I am planning to highlight an area in elevation data in 3D as explained [here][1]. Therefore, I need to have an array where all the points are set to 0 that should not be highlighted. The data array looks like below:
y 51.380591 51.380769 ... 51.408314 51.408493
x ...
9.171581 223.699997 228.199997 ... 297.500000 297.899994
9.171868 220.199997 223.199997 ... 297.600006 297.600006
9.172156 218.900009 220.600006 ... 296.100006 296.100006
9.172443 218.000000 218.100006 ... 295.000000 295.000000
9.172731 223.400009 220.699997 ... 297.100006 297.100006
... ... ... ... ...
9.212988 252.600006 254.100006 ... 313.100006 313.000000
9.213276 257.399994 260.700012 ... 313.600006 313.200012
9.213563 259.500000 262.700012 ... 314.700012 314.000000
9.213851 261.399994 264.600006 ... 315.800018 315.399994
9.214139 262.500000 265.800018 ... 317.399994 317.300018
[149 rows x 157 columns]
My goal is to only keep values that fulfill a condition based on their x,y location. All other values should be set to 0. In detail I would like to define a 2D polygon. Every point that is not within this polygon should be set to 0.
An example polygon looks like this.
coords = [(9.185, 51.38), (9.175, 51.385), (9.175, 51.4), (9.2, 51.395)]
poly = Polygon(coords)
The function to check if a point is within a polygon is provided by [shapely][2].

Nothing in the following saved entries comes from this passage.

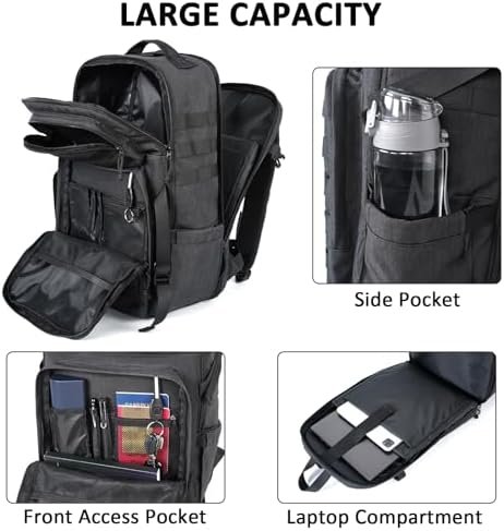 Comfortable: Large travel backpack for men equipped with an adjustable chest strap, air mesh breathable back panel and thickened shoulder straps. It can effectively relieve the pressure on the shoulder and neck, ensure optimum comfort for hours of carrying. An anti theft back pocket is suitable for valuables. Side compression straps help to tamp down a half full bag to eliminate excess space. Compressing a pack closer to your body, and a more comfortable overall carrying experience
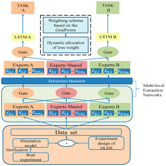 In this section, we first introduce the data generation method based on optimal Latin hypercube sampling combined with finite element simulation experiments. Then, we introduce the refined PLE-LSTM network design derived from the PLE multi-task framework. Lastly, we detail the strategy for enhancing loss functions for multiple tasks through GradNorm. The overall framework is shown in Figure 1.
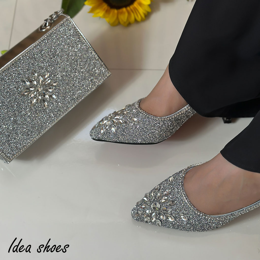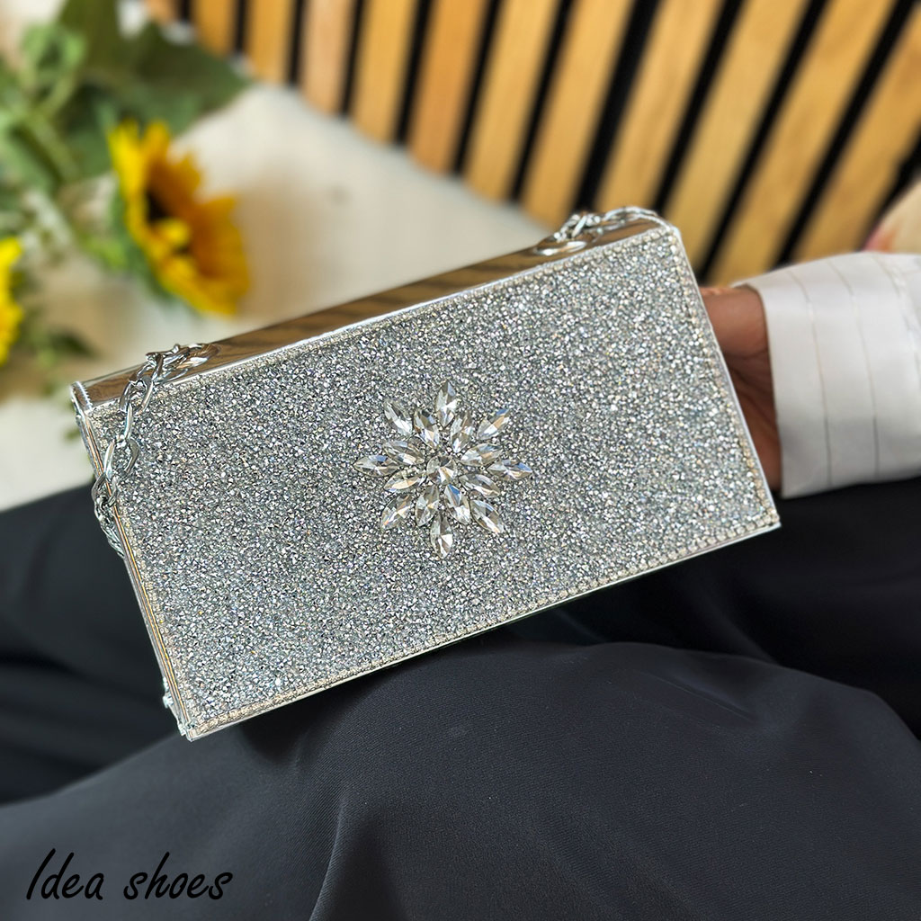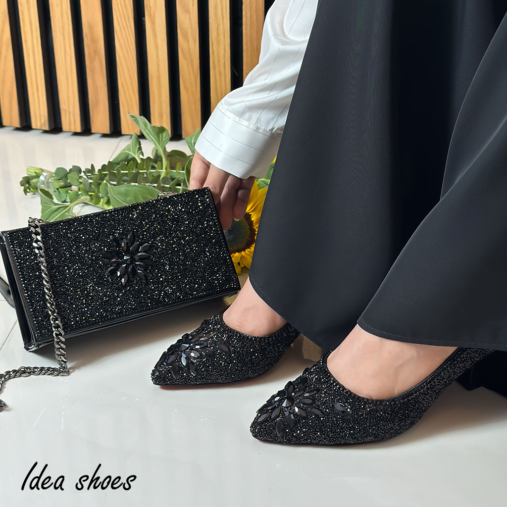 کفش مجلسی نگینی کد 703 از برند ایده، با رویه‌ای تمام‌نگینی و تزئین‌شده با سنگ‌های مرواریدی درخشان، طراحی لوکس و جذابی را برای رویدادهای ویژه ارائه می‌دهد؛ این مدل در رنگ‌های مشکی و نقره‌ای و سایزهای 36 تا 41 تولید شده و دارای لژ کار 5 سانتی‌متری همراه با زیره‌ی نرم دافوس است که زیبایی را با راحتی ترکیب می‌کند.
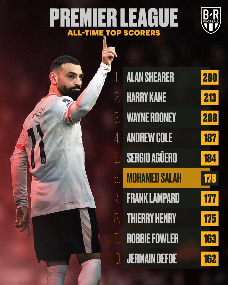 這粒進(jìn)球是薩拉赫在英超中打進(jìn)的第178粒進(jìn)球,超越了切爾西名宿蘭帕德(177球),獨(dú)享英超歷史射手榜第6。不過(guò),薩拉赫的出場(chǎng)次數(shù)比蘭帕德少了323次。
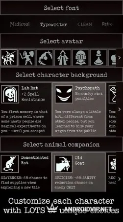 В начале игрового процесса вам предстоит выбрать любой из 4 представленных уровней сложность и одну из 27 различных предысторий для своего героя, каждая из которых будет влиять на сюжетную линию. А так же, настроить несколько десятков уникальных заклинаний и навыков. Все игровые события проходят в интерактивном текстовом формате с мрачными и завораживающими иллюстрациями.

from shapely.geometry import Point, Polygon
Point(x,y).within(poly)
So the function that should be applied to all cells looks like this:
def KeepValue(x,y,z,poly):
if (Point(x,y).within(poly)):
return z
return 0
My question is Which function should I use to apply the within
function to all cells? The major problem for me is to find a way to hand over especially the x,y and z
parameters.
I have tried apply/applymap but without good results. [1]: How to mark an area in plotly 3D surface plot? [2]: https://automating-gis-processes.github.io/CSC18/lessons/L4/point-in-polygon.html
I have not found a good solution so far, but iterating the columns and then the values is working properly:
contour_data = pd.read_csv(r"C:\Elevation.xyz", delimiter=' ', names=["x","y","z"])
Z = contour_data.pivot_table(index='x', columns='y', values='z').T
X_unique = np.sort(contour_data.x.unique())
Y_unique = np.sort(contour_data.y.unique())
coords = [(9.185, 51.39), (9.175, 51.39), (9.175, 51.4), (9.2, 51.395)]
poly = Polygon(coords)
marked_area=Z.copy()
i=0
for x in X_unique:
j=0
for z in Z.iloc[i]:
if (Point(x,Y_unique[j]).within(poly)):
marked_area.iloc[i,j]=z+0.1
else:
marked_area.iloc[i,j]=0
j=j+1
i=i+1
This may not be the most efficient approach, but this fits my needs.